Open BJWiley233 opened 2 years ago
This error is displayed if there are less than 10 positive molecules in the validation and/or test set. I think it may be due to using such small samples for screening a library of >883M molecules. Can you check these values:
(y_valid_first.r_i_docking_score < cf).values.sum()
and
(y_test_first.r_i_docking_score < cf).values.sum()
Most likely, you have ~38 hits in the validation set but less than 10 in the test set due, assuming you are labelling top 1% molecules as positives in the validation set.
Yea I am debugging now. What does "positive" molecules mean exactly? All my labels have negative energy values from AutoDockGPU. One thing I noticed in the get_data
function is this line reads as if there is a header in the morgan files:
morgan = pd.read_csv(morgan_path, usecols=[0], header=0, names=['ZINC_ID'])
However when running setup scripts the morgan files have no header so might want to check this.
$ head -n2 morgan/*.csv
==> morgan/test_morgan_1024_updated.csv <==
548482427,33,36,39,80,98,128,138,162,214,218,233,249,268,293,294,310,330,356,357,366,367,378,385,406,428,444,456,460,511,521,531,538,561,567,573,650,656,658,659,667,675,695,698,726,730,751,757,758,760,792,807,812,823,849,857,875,893,926,935,944,950,985,1004,1019
1822322919,4,11,64,74,75,90,92,128,148,175,188,193,197,205,209,231,238,242,251,255,268,272,285,288,290,301,356,361,378,389,428,441,455,456,480,498,505,539,618,623,639,647,650,656,673,689,726,738,792,807,836,849,856,875,881,890,893,897,926,935,950,974,980,1019
==> morgan/train_morgan_1024_updated.csv <==
55646157,4,14,33,46,59,93,216,356,361,367,369,456,480,487,497,543,553,554,561,565,650,659,673,675,690,698,726,752,781,807,816,849,881,893,926,935,942,985
1566226336,1,33,36,46,59,65,80,114,120,128,150,197,216,231,250,283,356,393,429,561,575,609,623,641,650,659,679,689,693,723,726,737,807,808,816,849,867,884,893,904,926,1009,1019
==> morgan/valid_morgan_1024_updated.csv <==
1753308234,1,15,33,41,58,70,80,97,117,128,151,228,241,247,283,288,294,301,338,351,413,472,526,537,540,618,636,650,674,701,739,794,800,807,886,887,888,893,895,926,935,985,994,996,1009,1019
1025119100,4,56,64,70,80,112,128,162,179,193,213,242,255,301,319,340,343,356,360,378,428,436,440,448,456,480,496,497,504,528,580,650,656,658,674,675,726,790,807,842,849,862,890,893,918,926,935,974,976,1004,1009,1019
Ahh I bet it's because I was using AutoDock Vina before which was give extremely low energy values which was inaccurate and that there is a really low cf
value from the last time I set up the model scripts.

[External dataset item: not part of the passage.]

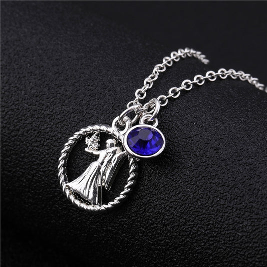 2019 New Fashion Galaxy Zodiac Signs Moon Pendants Blue Astrology Sign Horoscope Zodiac Signs Jewelry Glass Dome Necklace

Yup that was it! Now just running into datatype issues. I think I can figure them out.
x data from: /storage1/fs1/bolton/Active/projects/BWILEYtest/test/DeepDockABL1/iteration_1/morgan/test_morgan_1024_updated.csv
Done...
Index(['r_i_docking_score'], dtype='object')
r_i_docking_score
Traceback (most recent call last):
File "/storage1/fs1/bolton/Active/projects/BWILEYtest/Deep-Docking-NonAutomated/phase_2-3/progressive_docking.py", line 346, in <module>
X_test, y_test = get_morgan_and_scores(f, y_test)
File "/storage1/fs1/bolton/Active/projects/BWILEYtest/Deep-Docking-NonAutomated/phase_2-3/progressive_docking.py", line 156, in get_morgan_and_scores
train_data = pd.merge(ID_labels, train_pd, how='inner',on=['ZINC_ID'])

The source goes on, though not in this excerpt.